I well remember way back in 1979 opening a letter from a public school informing me that I had not been appointed as their school chaplain — even though the headmaster had assured me I was the strongest candidate.
Looking back, I suspect my bishop may have put a spoke in the wheel. But with hindsight, it was clearly the right outcome.
Not that it felt like that at the time.
There are disappointments that feel final but are not. There are closed doors that redirect us. There are failures that humble us and prepare us. There are rejections that strip away our pride and make us more useful in the hands of God.
Harry Maguire may be gutted. Anyone would be. But being left out of a squad is not the end of a life, a career, or a calling.
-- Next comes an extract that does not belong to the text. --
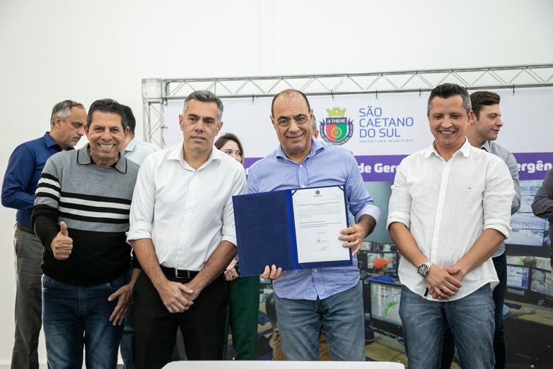 O prefeito de São Caetano, José Auricchio Júnior, assinou na tarde desta sexta-feira (7) a Ordem de Serviço para a ampliação do CGE (Centro de Gerenciamento de Emergências). As obras, na Rua Conselheiro Lafaiete, no Bairro Santa Paula, deverão ser iniciadas segunda-feira (10), e têm prazo de entrega de 90 dias. Além do CGE ampliado, o local de 1.435m² alocará também a Seseg (Secretaria de Segurança).
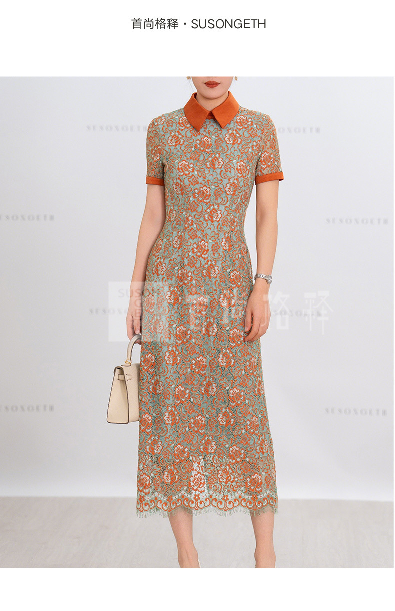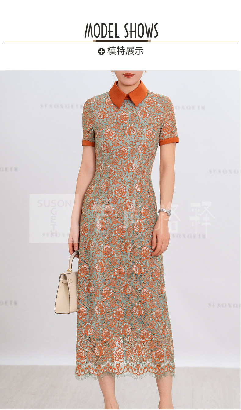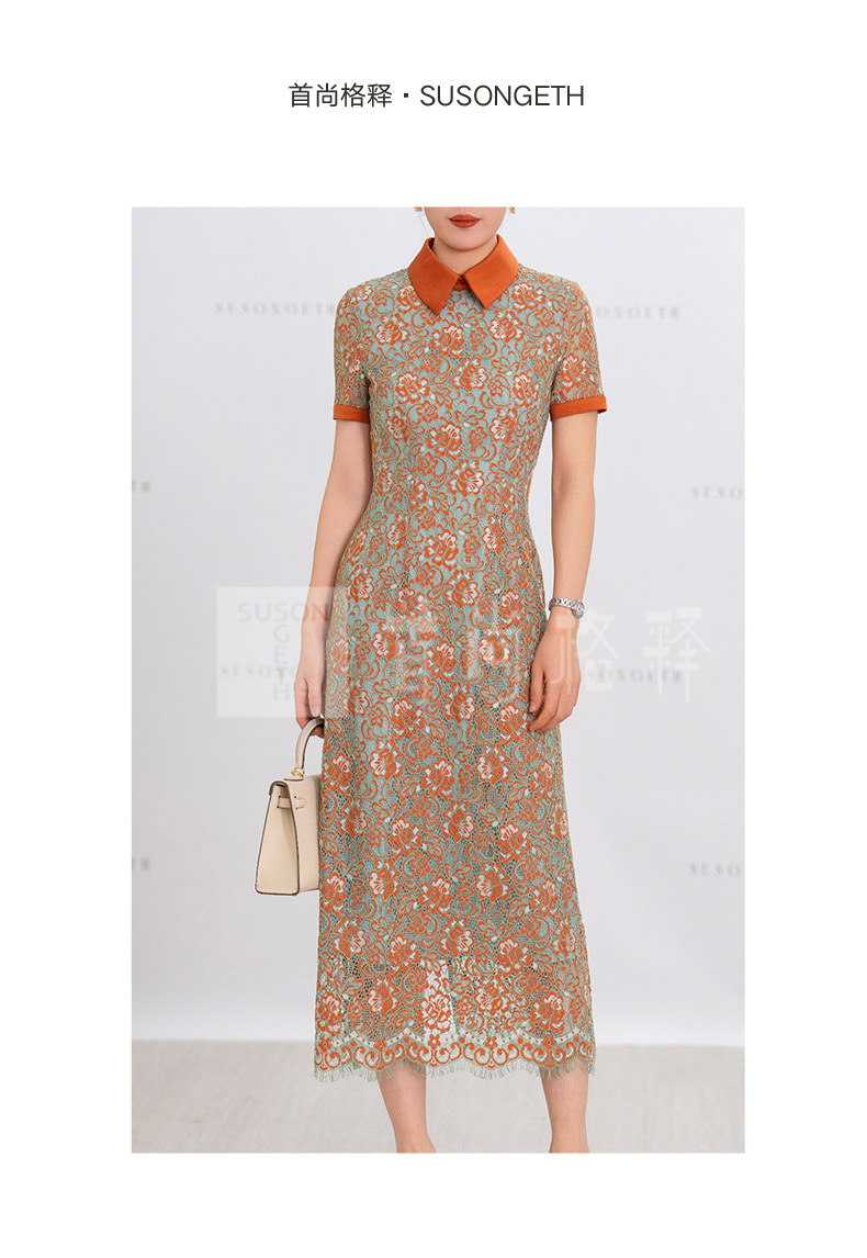 N252夏季蕾丝连衣裙女2025新款时尚减龄拼接醋酸短袖修身裙子

And the same is true for us.
You may feel overlooked. You may feel past your best. You may feel that others have moved on without you. But God has a long history of using people others have rejected. In fact, he built his church on a rejected cornerstone: “The stone the builders rejected has become the cornerstone.” This quote from Psalm 118 appears in the New Testament no less than five times.
That is not just a verse about Jesus. It is a reminder of the strange, surprising way God works.
He uses the overlooked.He restores the fallen.He calls the unlikely.He gives purpose to the gutted.
And in his hands, even rejection can become resurrection.